Navigate to the document library in SharePoint, click the gear icon, then Library settings > Default sensitivity label. Alternatively, use PowerShell:
# Set a default sensitivity label on a SharePoint library
Set-SPOSite -Identity "https://contoso.sharepoint.com/sites/finance" -SensitivityLabel "Confidential"

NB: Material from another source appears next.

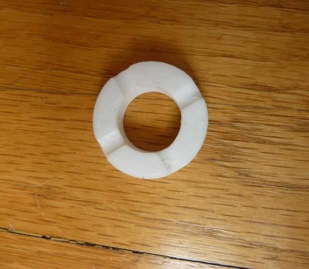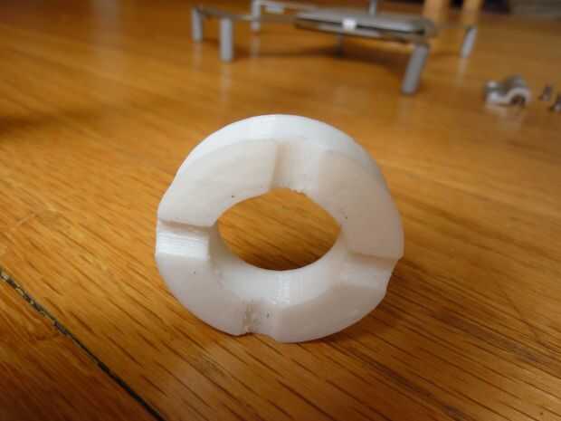 Que jugó con Ninjaflex, tuve una idea de sus propiedades. Sabía que era definitivamente más rígido que el buje de mi espuma, así que lo siguiente que hice fue agrandar el agujero central. Como el casquillo de la espuma tendría que estirar sobre el eje. También redujo el espesor del diseño porque sabía que él no comprimir tanto como el casquillo de la espuma. Decidir cuánto ajuste a estos cambios de dimensión era esencialmente una suposición inteligente basada en mi conocimiento de las diferencias entre los dos materiales.

For project-specific sites, the library default should be set to "Confidential \ Project Specific" at provisioning time via a PnP PowerShell site template. This means that even if a user drags and drops a file without thinking, it is classified from the moment it lands.
The Five Common Failures
1. Too Many Labels
As noted above, more than 20 labels total (including sub-labels) correlates with less than 30% voluntary classification rates in measured deployments.
2. Orphaned Labels
When you delete a label that is already applied to documents, those documents retain a label GUID that no longer resolves to a policy. This breaks DLP rules that reference the label. Always retire labels by making them invisible to users first, then run a content search to find and relabel affected items before deletion.
3. Label Conflicts with DLP
If your DLP policy says "block external sharing of Confidential documents" but your sensitivity label encryption allows "anyone with the link," you have a conflict. The DLP policy wins at the transport layer, but the user experience is confusing. Align your label encryption settings with your DLP policies before go-live.
4. Mobile and Co-authoring Gaps
Sensitivity labels in Office mobile apps lag behind desktop. Test on iOS and Android before deploying encryption-enabled labels. Co-authoring with encrypted documents requires all participants to be on current channel Office builds.
5. No Monitoring
Labels are deployed and then forgotten. A monthly label analytics report addresses this:
# Get label usage analytics from Purview
Get-ComplianceTag | ForEach-Object {
$tag = $_
$count = (Get-ComplianceTagStorage -TagName $tag.Name).ItemCount
[PSCustomObject]@{
LabelName = $tag.Name
ItemCount = $count
LastModified = $tag.LastModifiedTime
}
} | Sort-Object ItemCount -Descending | Format-Table -AutoSize
The Purview Compliance Portal Walkthrough
For those new to the portal, here is the recommended navigation path on day one of every engagement:
- Microsoft Purview compliance portal (compliance.microsoft.com)
- Left nav: Information Protection > Labels - create your taxonomy
- Left nav: Information Protection > Label policies - assign labels to users, set defaults, configure downgrade justification
- Left nav: Information Protection > Auto-labelling - create simulation policies first
- Left nav: Data Classification > Overview - monitor label adoption metrics
- Left nav: Data Classification > Content explorer - verify labels are being applied to the right content
Closing Thoughts
Sensitivity labels are the foundation upon which every other Purview workload is built - DLP, Insider Risk, Records Management, and eDiscovery all reference labels. Getting the taxonomy wrong creates compounding technical debt. Invest the first two weeks of any engagement in taxonomy workshops with legal, compliance, and IT stakeholders. Run simulations for 30 days minimum. Monitor adoption monthly. And never, ever, create more labels than your users can remember.